Now, you can now run your LLM.

# Define an output type
class Story(Type):
    story: str = Context("Story of an animal")

llama_animal = Animal(name="Larry", n_legs=4)
llama_story = llm(llama_animal, output_type=Story)

Adding data

You have data on different inputs and outputs, and in some cases, you have pairs of inputs and outputs that you want the LLM to model after.

Getting data of good inputs:

llama_animal = Animal(name="Larry", n_legs=4)
centipede_animal = Animal(name="Cici", n_legs=100)

my_data = [llama_animal, centipede_animal]

Getting data of a good input-output pair:

dog_animal = Animal(name="Nacho", n_legs=4)
dog_speed = Story(story="There once was a cute doggo named Nacho. She was a golden retriever who liked to run. All four of her paws were adorable.")

my_data.append([dog_animal, dog_speed])

Now add all that data to your LLM:

llm.add_data(my_data)

With the same call to the LLM engine, it should now produce a story that is more aligned with your data.
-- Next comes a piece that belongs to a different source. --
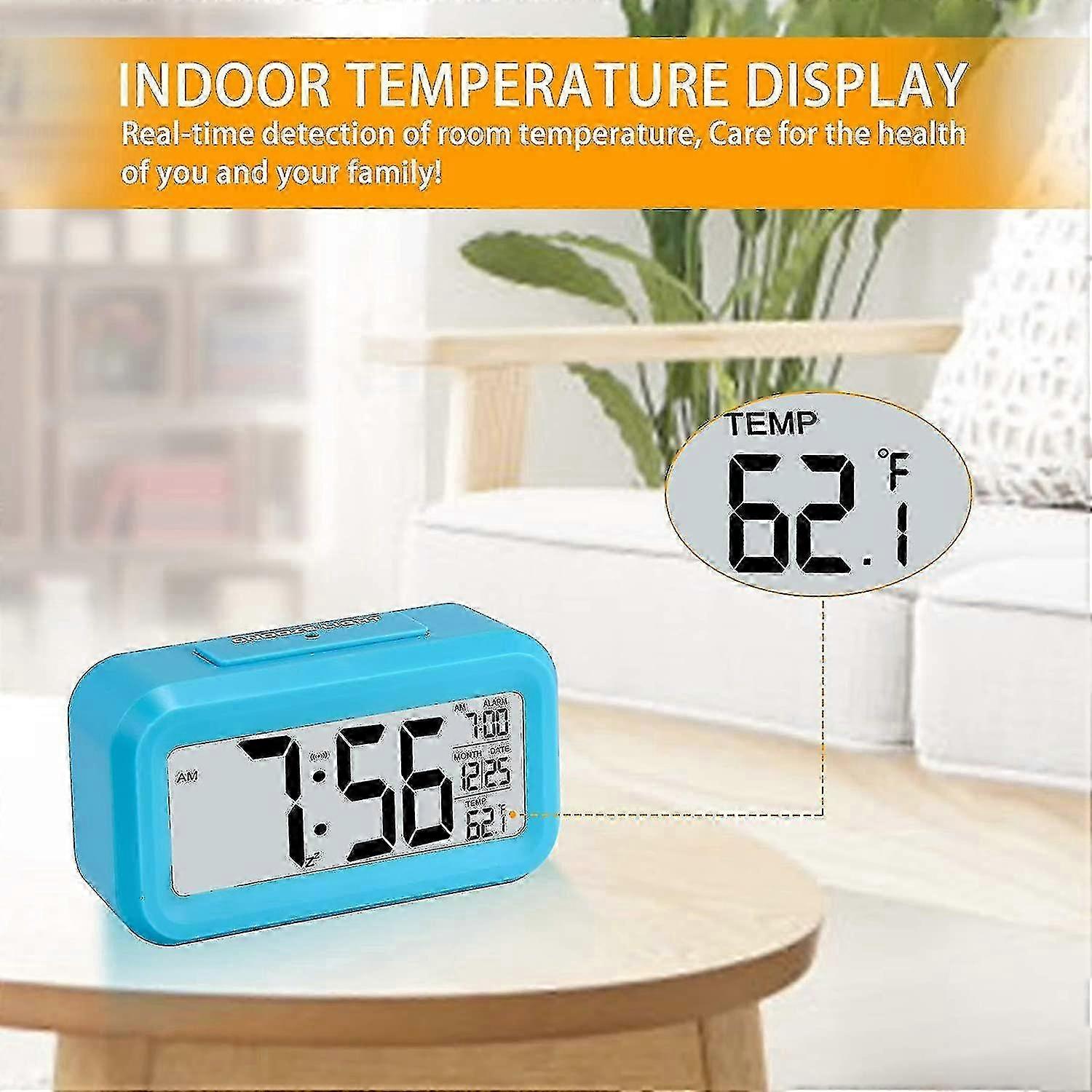 Digitaler Wecker, Batteriebetriebene Kleine Tischuhren, Mit Datum, Innentemperatur Blau

llama_story = llm(llama_animal, output_type=Story)

Improving with criteria

Now that you've added data, you want to improve the model's outputs further. Another way to do that is to supply improve statements on different attributes of a model's output type to improve on. You can use natural language to tell the model how it should improve.

llm.improve(on="story", to="specify the number of legs in a subtle way")

Full example

Start with data.

class Animal(Type):
    name: str = Context("name of the animal")
    n_legs: int = Context("number of legs that animal has")

class Speed(Type):
    speed: float = Context("how fast something can run")

llama_animal = Animal(name="Larry", n_legs=4)
centipede_animal = Animal(name="Cici", n_legs=100)

my_data = [llama_animal, centipede_animal]

dog_animal = Animal(name="Nacho", n_legs=4)
dog_speed = Story(story="There once was a cute doggo named Nacho. She was a golden retriever who liked to run. All four of her paws were adorable.")

my_data.append([dog_animal, dog_speed])

Instantiate the LLM engine, add data, add improvements (as many as you like), and run the LLM engine.

llm = LLM(name="animal_stories")

llm.add_data(my_data)
llm.improve(on="story", to="specify the number of legs in a subtle way")

story = llm(llama_animal, output_type=Story)

A common workflow is to run the LLM engine and see issues in the LLM outputs, then add an improve statement and run the LLM engine again.